Alternating current or AC power

The 120-volt electrical power you draw from the mains grid in your home is known as alternating current and is commonly referred to as AC power.

The electrical power supplied by shore power services or generators is AC power. You will typically have several AC outlets in your RV, and many of your appliances will run on AC power.

Direct current or DC power

Direct current or DC power is most commonly supplied by batteries, transformers or multi-function devices like your converter.

There are many possible voltage options with DC power, the most common of which is 12 volts. Most sensitive electronic devices and a lot of your RV's lighting will run on 12 volt DC power.

So where does the RV converter fit into the picture?

In simple terms, your RV converter takes 120 volt AC power from a generator or shore power supply and converts it into 12 volts DC. The converted energy is then distributed to the DC grid in your RV. In addition, your converter will also charge your RV's batteries.
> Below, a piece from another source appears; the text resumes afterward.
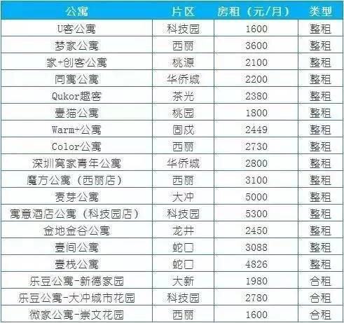 更多南山长租公寓(数据来自“合屋Hewoo”)

So, as long as you're hooked up to an AC power source, you'll have DC power without draining your batteries.

Why Do I Need an RV Converter?

Well, if you are camping off the beaten track, you'll in all likelihood use a generator to supply AC mains power to your RV. In a formal campsite, you'll be able to hook up to their shore power service. In either case, you'll be good to go with main power.

Now, if you don't have a converter, your DC power needs will have to be served by your RV's batteries. That means they will eventually run down and you'll need to run your RV to charge them again. That's effective but not the best solution at all.

With a converter in your RV, you're covered for DC power as well. And the converter keeps your batteries topped-up to boot. This why knowing how to tell if your RV converter is bad is important.

How to Tell If an RV Converter Is Bad

The symptoms of a failed or failing converter are often subtle and hard to define. Let's take a look at how to tell if your RV converter is bad.

Symptoms of converter failure

If you lose all DC power, it's safe to assume that your converter has failed, the keywords being "all DC power". If your lights aren't working but your propane igniter is, you probably have a blown fuse or tripped circuit breaker.

However, if you have no 12 volt DC power at all, you may have a bad converter.

Early warning signs of converter problems

The most common initial warning signs of a failing converter are interior lights that start to dim or DC run electronic devices that fail. Propane spark igniters that are too weak to ignite the gas and batteries that run down very rapidly are also reliable ways how to tell if your RV converter is bad.

​Making a positive diagnosis of converter failure

If you want to find out how to tell if your RV converter is bad, here is a quick checklist you can work through.

  • Check if your AC appliances are running. If not, check all the AC circuit breakers
  • Check all your DC fuses and circuit breakers If you do have AC power.
  • If all fuses and circuit breakers are okay, check that the converter AC power light is on if it has one

Now, if you have stable AC power and there are no tripped breakers or blown fuses, the focus is squarely on the converter. At this point, you have a choice to make regarding how you'll proceed. And this choice needs to be carefully considered.

If you have a good working knowledge of electrical power systems you can try to test your converter yourself. If not, we cannot stress enough how important it is to enlist the help of a qualified professional.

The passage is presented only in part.